━━━ Data section

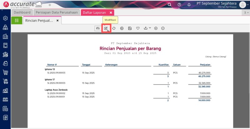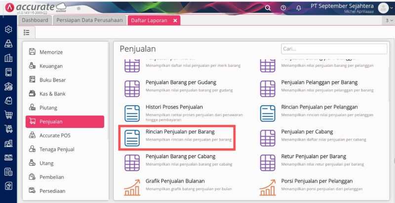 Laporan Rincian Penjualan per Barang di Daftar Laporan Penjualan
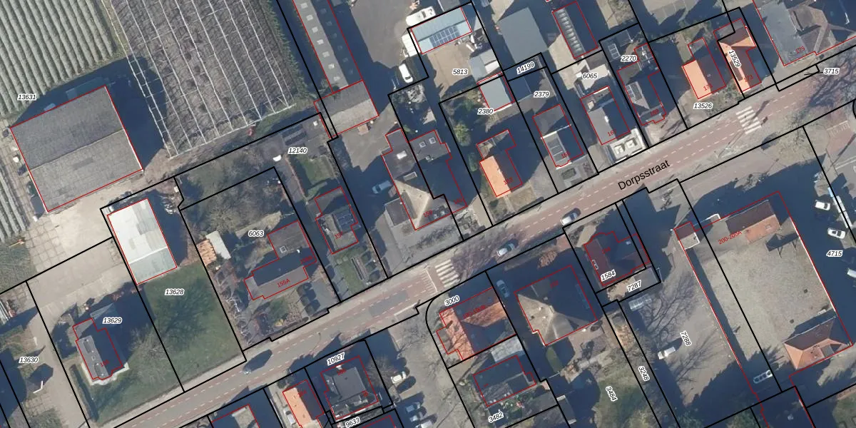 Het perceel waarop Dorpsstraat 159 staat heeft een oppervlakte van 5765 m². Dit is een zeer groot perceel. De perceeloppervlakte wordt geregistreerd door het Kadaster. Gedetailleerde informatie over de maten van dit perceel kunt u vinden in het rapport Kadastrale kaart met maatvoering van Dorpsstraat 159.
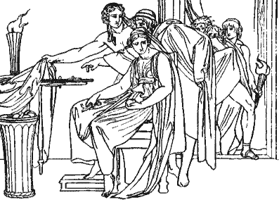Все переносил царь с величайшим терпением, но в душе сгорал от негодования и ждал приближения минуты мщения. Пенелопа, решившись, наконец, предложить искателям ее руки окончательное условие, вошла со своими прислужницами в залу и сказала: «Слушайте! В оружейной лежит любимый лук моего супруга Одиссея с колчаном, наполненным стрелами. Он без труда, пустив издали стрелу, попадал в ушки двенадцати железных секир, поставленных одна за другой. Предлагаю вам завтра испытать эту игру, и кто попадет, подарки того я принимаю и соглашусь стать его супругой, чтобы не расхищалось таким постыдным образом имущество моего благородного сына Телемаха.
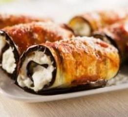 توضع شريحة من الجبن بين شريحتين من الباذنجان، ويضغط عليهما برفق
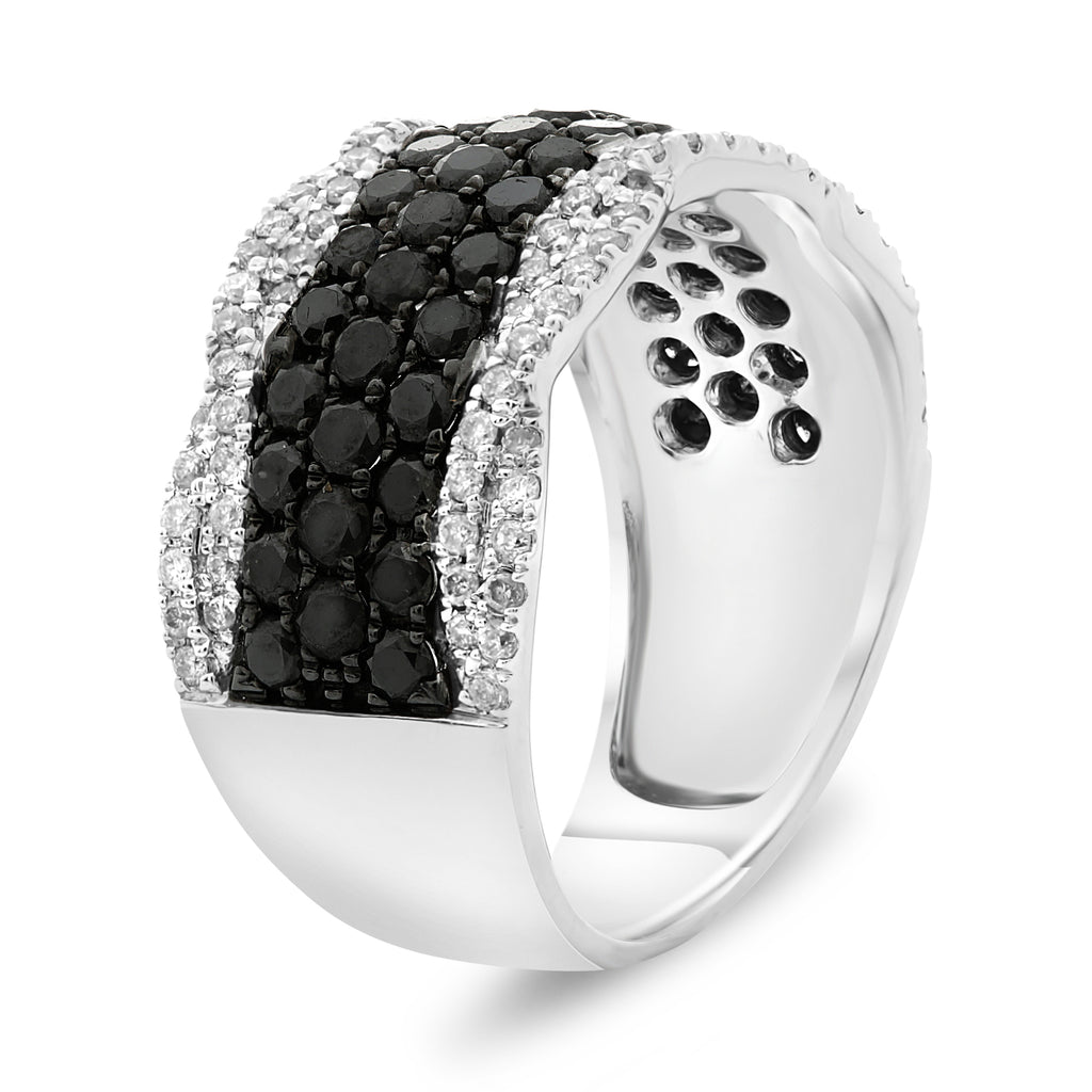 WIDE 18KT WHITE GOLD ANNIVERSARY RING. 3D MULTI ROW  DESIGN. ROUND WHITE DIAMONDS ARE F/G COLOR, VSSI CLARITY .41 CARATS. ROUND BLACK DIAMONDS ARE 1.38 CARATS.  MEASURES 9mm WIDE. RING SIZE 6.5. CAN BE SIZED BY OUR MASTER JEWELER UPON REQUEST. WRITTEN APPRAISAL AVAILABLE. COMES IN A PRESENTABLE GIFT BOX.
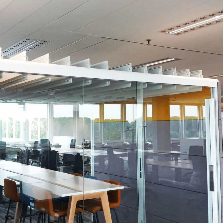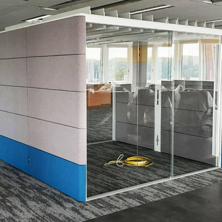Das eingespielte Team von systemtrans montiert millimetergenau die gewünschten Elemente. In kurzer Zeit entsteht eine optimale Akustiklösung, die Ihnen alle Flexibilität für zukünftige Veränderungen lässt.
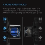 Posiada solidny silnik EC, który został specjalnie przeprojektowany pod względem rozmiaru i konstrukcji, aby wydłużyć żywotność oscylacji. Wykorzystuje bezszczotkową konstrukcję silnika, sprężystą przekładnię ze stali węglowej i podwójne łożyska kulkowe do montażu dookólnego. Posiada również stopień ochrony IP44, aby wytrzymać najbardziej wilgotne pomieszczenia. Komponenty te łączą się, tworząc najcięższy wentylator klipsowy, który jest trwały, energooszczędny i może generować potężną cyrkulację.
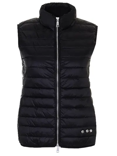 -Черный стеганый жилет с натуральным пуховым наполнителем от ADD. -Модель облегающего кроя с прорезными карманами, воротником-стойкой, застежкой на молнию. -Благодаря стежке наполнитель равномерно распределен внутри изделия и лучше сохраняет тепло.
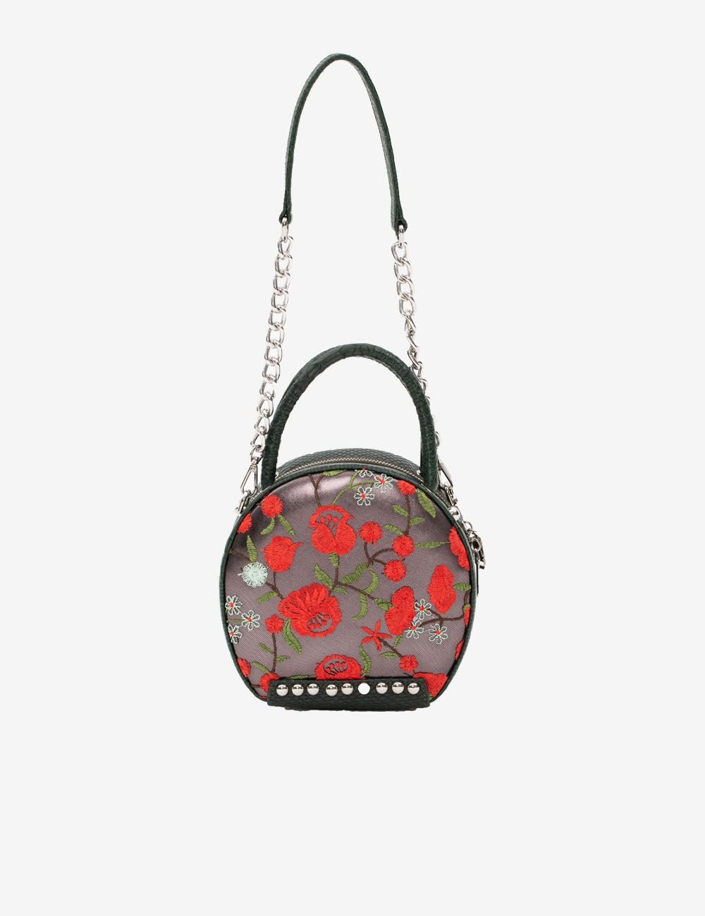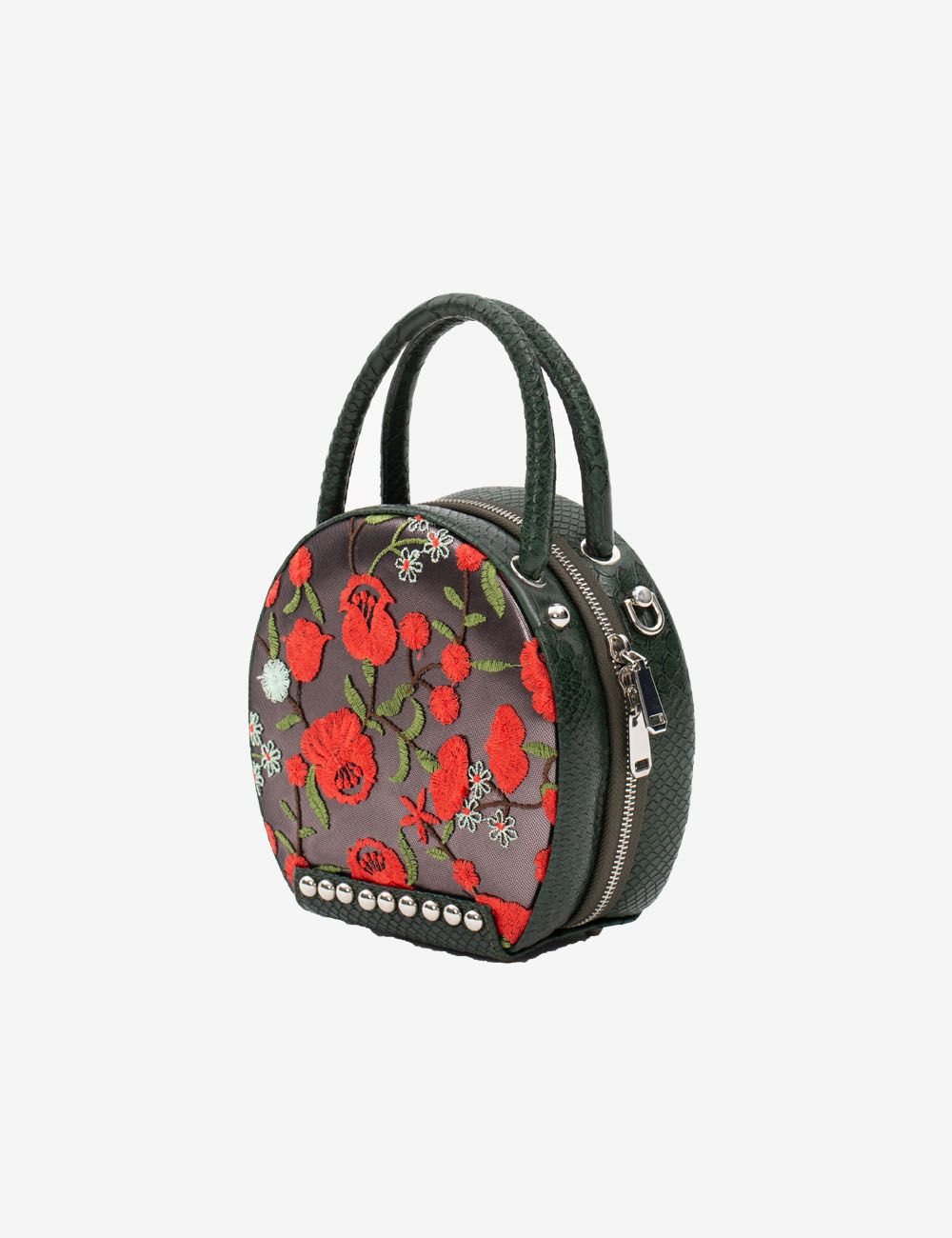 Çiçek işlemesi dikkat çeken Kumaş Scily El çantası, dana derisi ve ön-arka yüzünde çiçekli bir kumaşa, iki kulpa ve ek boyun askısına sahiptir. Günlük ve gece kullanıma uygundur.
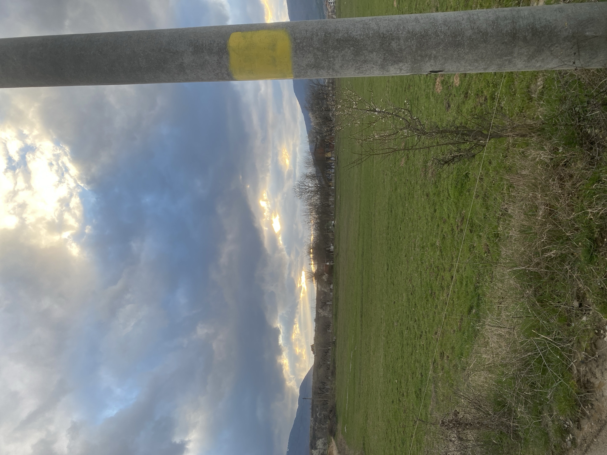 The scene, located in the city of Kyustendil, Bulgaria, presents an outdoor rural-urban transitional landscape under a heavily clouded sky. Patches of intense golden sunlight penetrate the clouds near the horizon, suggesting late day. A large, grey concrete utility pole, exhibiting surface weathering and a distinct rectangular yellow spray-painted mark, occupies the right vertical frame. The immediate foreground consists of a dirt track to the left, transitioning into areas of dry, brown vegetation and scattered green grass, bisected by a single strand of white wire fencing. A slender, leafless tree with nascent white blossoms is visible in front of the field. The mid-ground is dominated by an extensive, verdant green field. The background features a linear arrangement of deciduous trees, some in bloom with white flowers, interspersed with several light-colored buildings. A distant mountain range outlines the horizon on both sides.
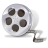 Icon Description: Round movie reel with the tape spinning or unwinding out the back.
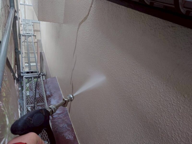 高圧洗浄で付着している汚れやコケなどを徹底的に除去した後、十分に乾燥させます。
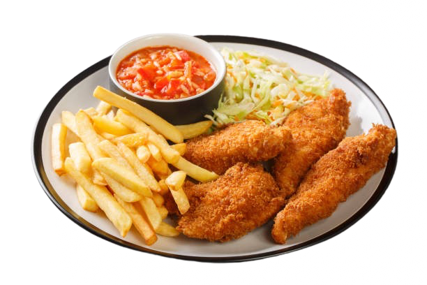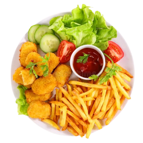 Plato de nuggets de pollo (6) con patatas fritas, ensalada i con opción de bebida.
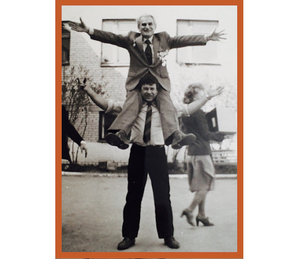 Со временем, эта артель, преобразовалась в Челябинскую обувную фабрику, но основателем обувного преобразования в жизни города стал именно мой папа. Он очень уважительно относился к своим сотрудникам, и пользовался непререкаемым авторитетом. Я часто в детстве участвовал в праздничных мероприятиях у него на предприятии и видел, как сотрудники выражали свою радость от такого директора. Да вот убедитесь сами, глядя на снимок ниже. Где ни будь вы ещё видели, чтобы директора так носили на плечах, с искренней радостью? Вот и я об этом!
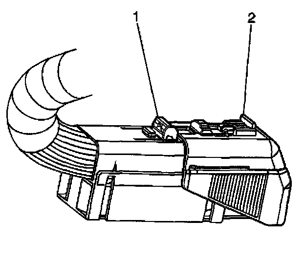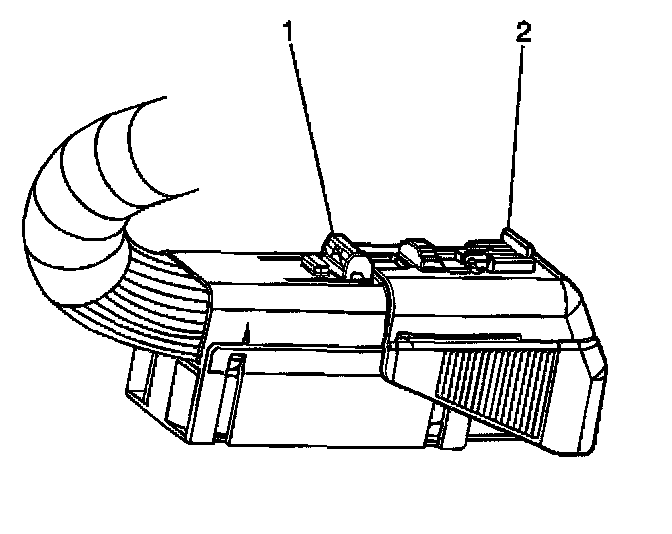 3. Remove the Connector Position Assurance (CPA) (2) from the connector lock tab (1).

━━━━━━

▶ **Goal of the exercise**
Print each entry above exactly. The pictures should not be printed.

▶ **Exercise solution**
 Laporan Rincian Penjualan per Barang di Daftar Laporan Penjualan
 Het perceel waarop Dorpsstraat 159 staat heeft een oppervlakte van 5765 m². Dit is een zeer groot perceel. De perceeloppervlakte wordt geregistreerd door het Kadaster. Gedetailleerde informatie over de maten van dit perceel kunt u vinden in het rapport Kadastrale kaart met maatvoering van Dorpsstraat 159.
Все переносил царь с величайшим терпением, но в душе сгорал от негодования и ждал приближения минуты мщения. Пенелопа, решившись, наконец, предложить искателям ее руки окончательное условие, вошла со своими прислужницами в залу и сказала: «Слушайте! В оружейной лежит любимый лук моего супруга Одиссея с колчаном, наполненным стрелами. Он без труда, пустив издали стрелу, попадал в ушки двенадцати железных секир, поставленных одна за другой. Предлагаю вам завтра испытать эту игру, и кто попадет, подарки того я принимаю и соглашусь стать его супругой, чтобы не расхищалось таким постыдным образом имущество моего благородного сына Телемаха.
 توضع شريحة من الجبن بين شريحتين من الباذنجان، ويضغط عليهما برفق
 WIDE 18KT WHITE GOLD ANNIVERSARY RING. 3D MULTI ROW  DESIGN. ROUND WHITE DIAMONDS ARE F/G COLOR, VSSI CLARITY .41 CARATS. ROUND BLACK DIAMONDS ARE 1.38 CARATS.  MEASURES 9mm WIDE. RING SIZE 6.5. CAN BE SIZED BY OUR MASTER JEWELER UPON REQUEST. WRITTEN APPRAISAL AVAILABLE. COMES IN A PRESENTABLE GIFT BOX.
Das eingespielte Team von systemtrans montiert millimetergenau die gewünschten Elemente. In kurzer Zeit entsteht eine optimale Akustiklösung, die Ihnen alle Flexibilität für zukünftige Veränderungen lässt.
 Posiada solidny silnik EC, który został specjalnie przeprojektowany pod względem rozmiaru i konstrukcji, aby wydłużyć żywotność oscylacji. Wykorzystuje bezszczotkową konstrukcję silnika, sprężystą przekładnię ze stali węglowej i podwójne łożyska kulkowe do montażu dookólnego. Posiada również stopień ochrony IP44, aby wytrzymać najbardziej wilgotne pomieszczenia. Komponenty te łączą się, tworząc najcięższy wentylator klipsowy, który jest trwały, energooszczędny i może generować potężną cyrkulację.
 -Черный стеганый жилет с натуральным пуховым наполнителем от ADD. -Модель облегающего кроя с прорезными карманами, воротником-стойкой, застежкой на молнию. -Благодаря стежке наполнитель равномерно распределен внутри изделия и лучше сохраняет тепло.
 Çiçek işlemesi dikkat çeken Kumaş Scily El çantası, dana derisi ve ön-arka yüzünde çiçekli bir kumaşa, iki kulpa ve ek boyun askısına sahiptir. Günlük ve gece kullanıma uygundur.
 The scene, located in the city of Kyustendil, Bulgaria, presents an outdoor rural-urban transitional landscape under a heavily clouded sky. Patches of intense golden sunlight penetrate the clouds near the horizon, suggesting late day. A large, grey concrete utility pole, exhibiting surface weathering and a distinct rectangular yellow spray-painted mark, occupies the right vertical frame. The immediate foreground consists of a dirt track to the left, transitioning into areas of dry, brown vegetation and scattered green grass, bisected by a single strand of white wire fencing. A slender, leafless tree with nascent white blossoms is visible in front of the field. The mid-ground is dominated by an extensive, verdant green field. The background features a linear arrangement of deciduous trees, some in bloom with white flowers, interspersed with several light-colored buildings. A distant mountain range outlines the horizon on both sides.
 Icon Description: Round movie reel with the tape spinning or unwinding out the back.
 高圧洗浄で付着している汚れやコケなどを徹底的に除去した後、十分に乾燥させます。
 Plato de nuggets de pollo (6) con patatas fritas, ensalada i con opción de bebida.
 Со временем, эта артель, преобразовалась в Челябинскую обувную фабрику, но основателем обувного преобразования в жизни города стал именно мой папа. Он очень уважительно относился к своим сотрудникам, и пользовался непререкаемым авторитетом. Я часто в детстве участвовал в праздничных мероприятиях у него на предприятии и видел, как сотрудники выражали свою радость от такого директора. Да вот убедитесь сами, глядя на снимок ниже. Где ни будь вы ещё видели, чтобы директора так носили на плечах, с искренней радостью? Вот и я об этом!
 3. Remove the Connector Position Assurance (CPA) (2) from the connector lock tab (1).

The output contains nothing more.